Wednesday, September 11, 2013
Homemade yummy mini Baby muffins!
My little girl Ciara is 9 months and a half and has been eating more and more food lately and is enjoying a variety of them. I've started to change things up a lot more now since she gets bored of repeats, and since her appetite is increasing, I try to come up with some snack ideas as well. I made a snack today for her which she seems to love! They're organic whole wheat raspberry/zucchini muffins! I made them in a mini muffin tray so that they would be bite size and snack friendly. I froze most of them and just take out 1 or two the night before I plan on giving them to her so they're always super fresh, but I only need to bake them once in a while!

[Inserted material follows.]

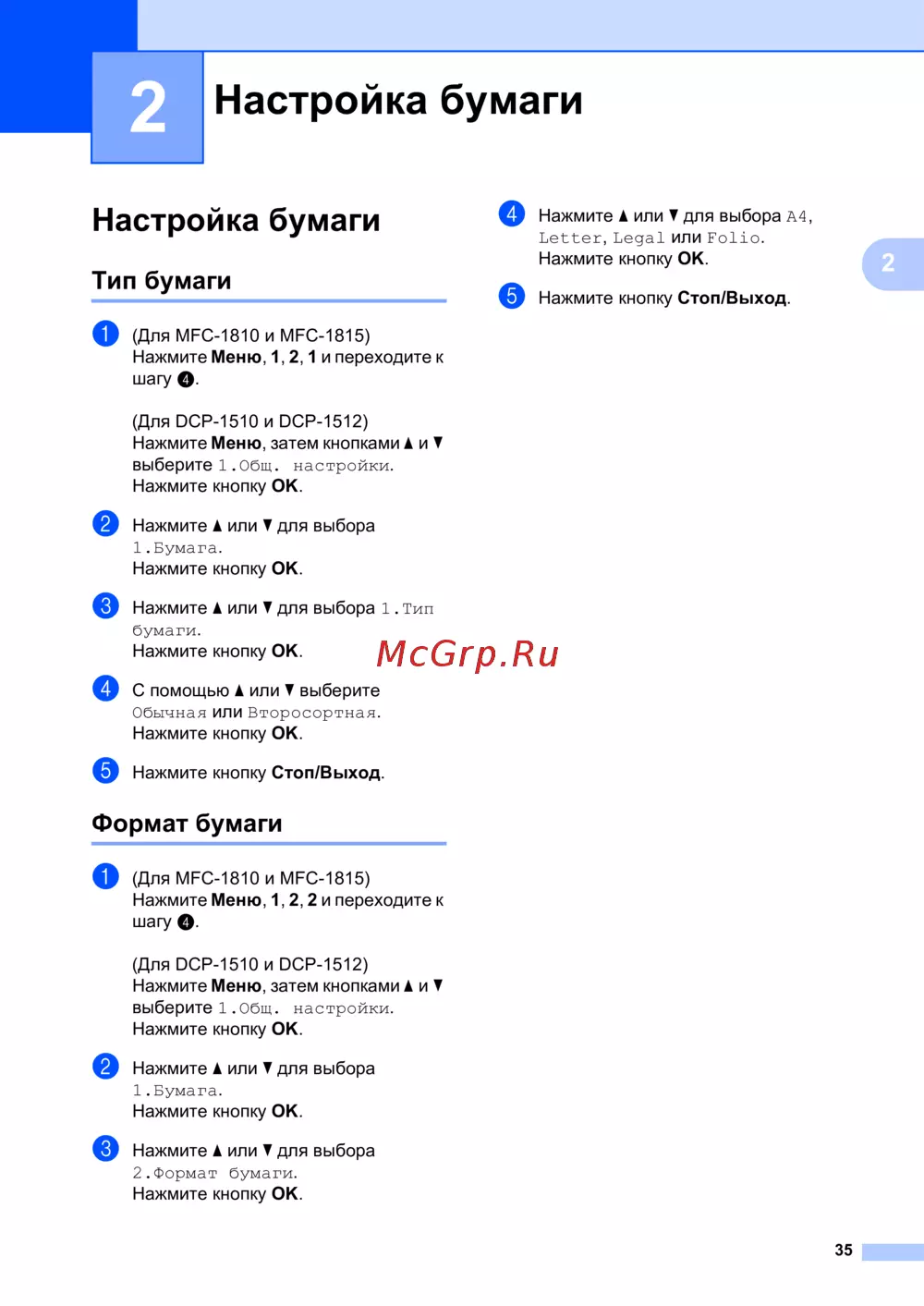 ![Brother dcp-1512r [43/103] Настройка бумаги](/views2/1124197/page43/bg2b.png)

(I used mostly organic ingredients but it's not a necessity.)
• 1 cup organic raspberries
• 1 good size organic grated zucchini (a bit larger than a banana).
• 1/4 cup homemade unsweetened organic applesauce
• 1 1/4 cup organic whole wheat flour
• 3/4 tsp baking soda
• 1/4 tsp salt
• 1 tbsp brown sugar (you can remove this if you want zero sugar content)
• 2 large organic egg whites
• 2 tbsp unsalted butter
• 1 tsp vanilla extract
• 1/4 tsp cinnamon
• mini paper muffin liners for the tray
I preheated the oven at 350 f to start with. I had pre made the applesauce by peeling, cutting and steaming my organic apples then puree them. I also softened my raspberries a bit in a small pan.
I added all my dry ingredients in a bowl and whisked them together. I then mixed my sugar and butter with a hand mixer. I added the egg whites, vanilla extract, apple sauce and raspberries and mixed (with the hand mixer). I then added the grated zucchini and hand mixed with a spatula. I then added the dry ingredients and mixed that in with my spatula as well. I filled my paper muffin cups and popped them in to the over for approx. 20-25 minutes.
My daughter really enjoyed these! Just make sure you feel comfortable feeding your child the ingredients in these muffins, and consult your pediatrician if your not sure.